Every line from the one with "小判型洗桶 水切りかごセット 日本製" through the end of the entries below must be retyped exactly, and only those lines. The pictures are not part of the copy.

Data entries
= Beginning of Section =

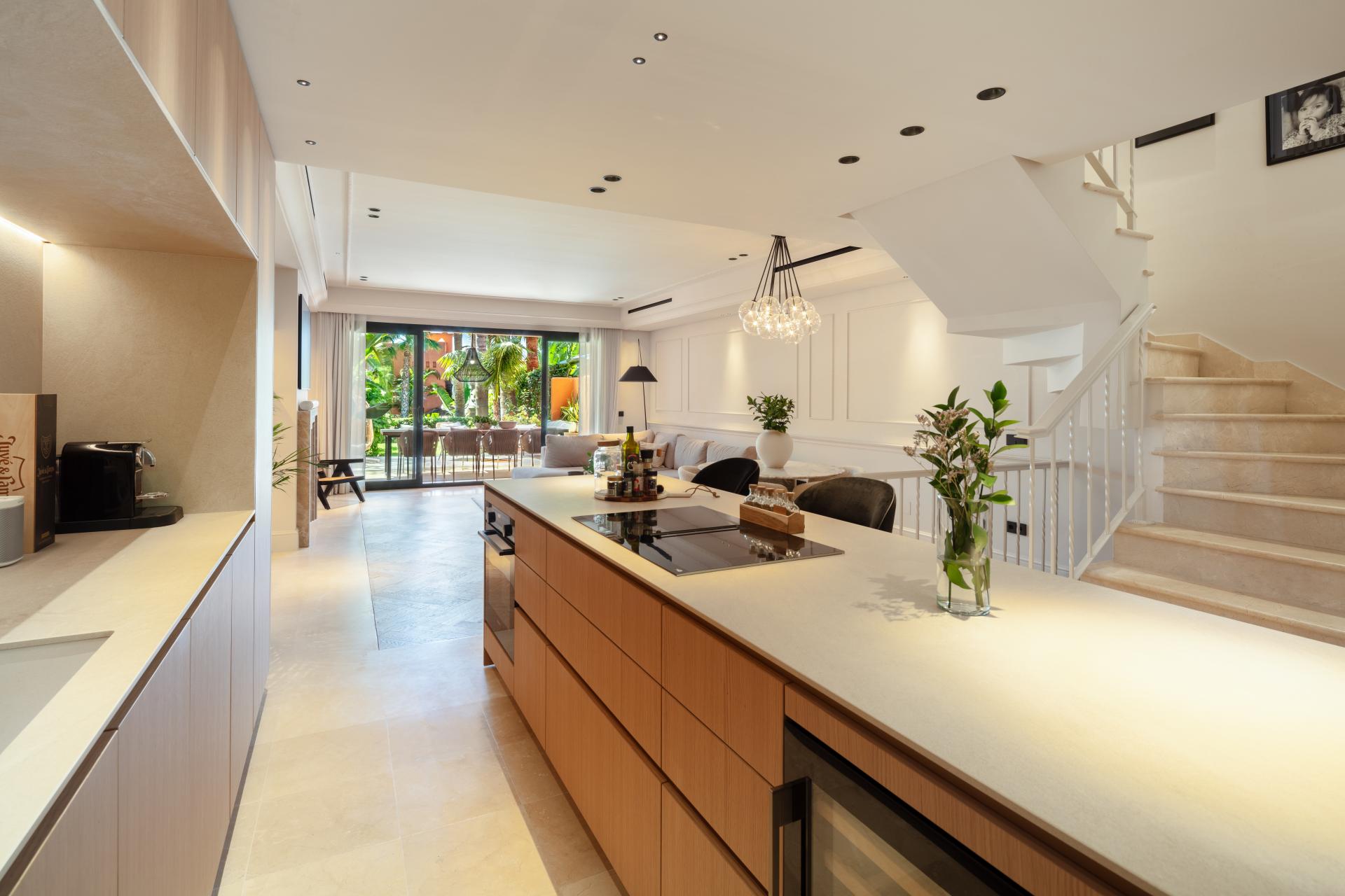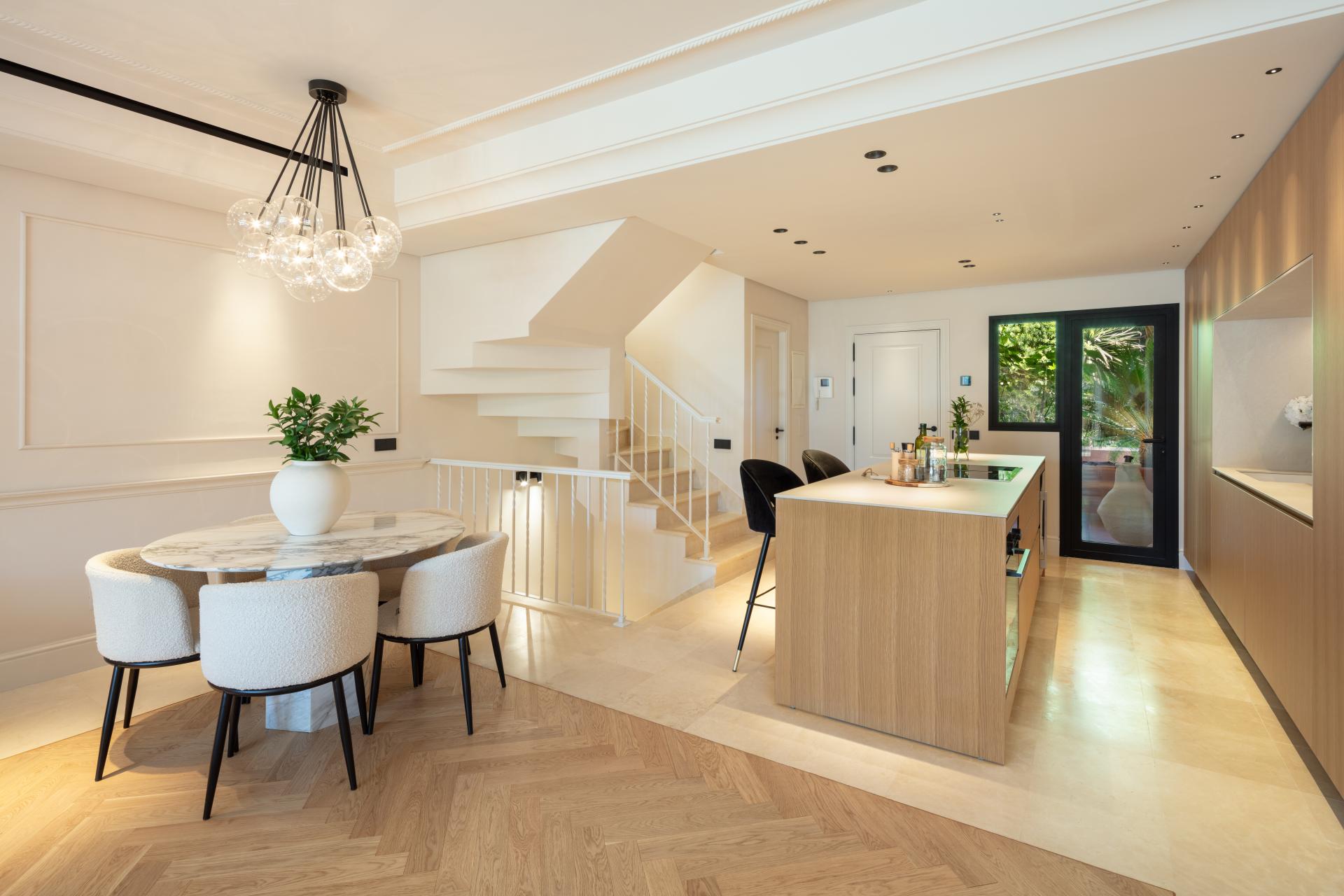 The solarium offers breathtaking views of the surrounding area, providing a serene retreat to enjoy the stunning surrounding views. Inside, the interior is beautifully designed with refined furniture and meticulous attention to detail. The open-plan layout on the ground floor features a fully-equipped modern kitchen with state-of-the-art appliances and exquisite finishes. The ample living space offers a haven for relaxation, adorned with a subtle neutral colour palette. The townhouse comprises 4 stunning bedrooms, each meticulously designed with utmost care. Situated within a secure gated community, privacy and security are guaranteed. Residents can also enjoy the communal pool set amidst a meticulously manicured garden. Conveniently located on the Golden Mile, this property offers easy access to a range of amenities and is just a short walk from the pristine beaches of Marbella.
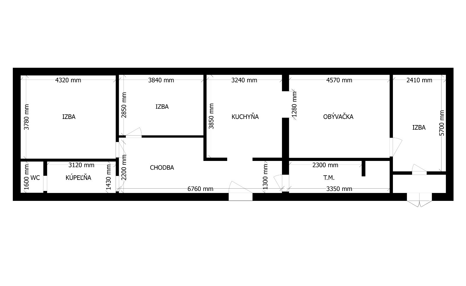 Dispozícia: 4 izby + kuchyňa
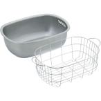 小判型洗桶 水切りかごセット 日本製 洗い桶 水切り籠 カゴ付き オールステンレス 丈夫 頑丈 高品質 楕円型 シンプル おしゃれ 送料無料
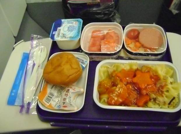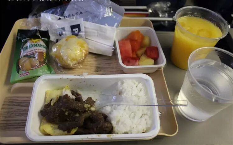以马尼拉到纽约的航班为例,你会吃到这样一些东西。首先从马尼拉起航,吃了一顿午饭,牛肉白饭,水果和菲律宾特产芒果干。(请小伙伴们自动忽略吃了一半的米饭~)▼
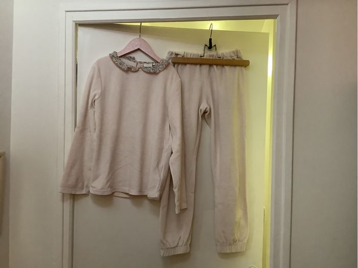 Pyjama velours rose clair avec col en Liberty Cyrillus 10 ans

= End of Section =

Answer to the problem >>
 小判型洗桶 水切りかごセット 日本製 洗い桶 水切り籠 カゴ付き オールステンレス 丈夫 頑丈 高品質 楕円型 シンプル おしゃれ 送料無料
以马尼拉到纽约的航班为例,你会吃到这样一些东西。首先从马尼拉起航,吃了一顿午饭,牛肉白饭,水果和菲律宾特产芒果干。(请小伙伴们自动忽略吃了一半的米饭~)▼
 Pyjama velours rose clair avec col en Liberty Cyrillus 10 ans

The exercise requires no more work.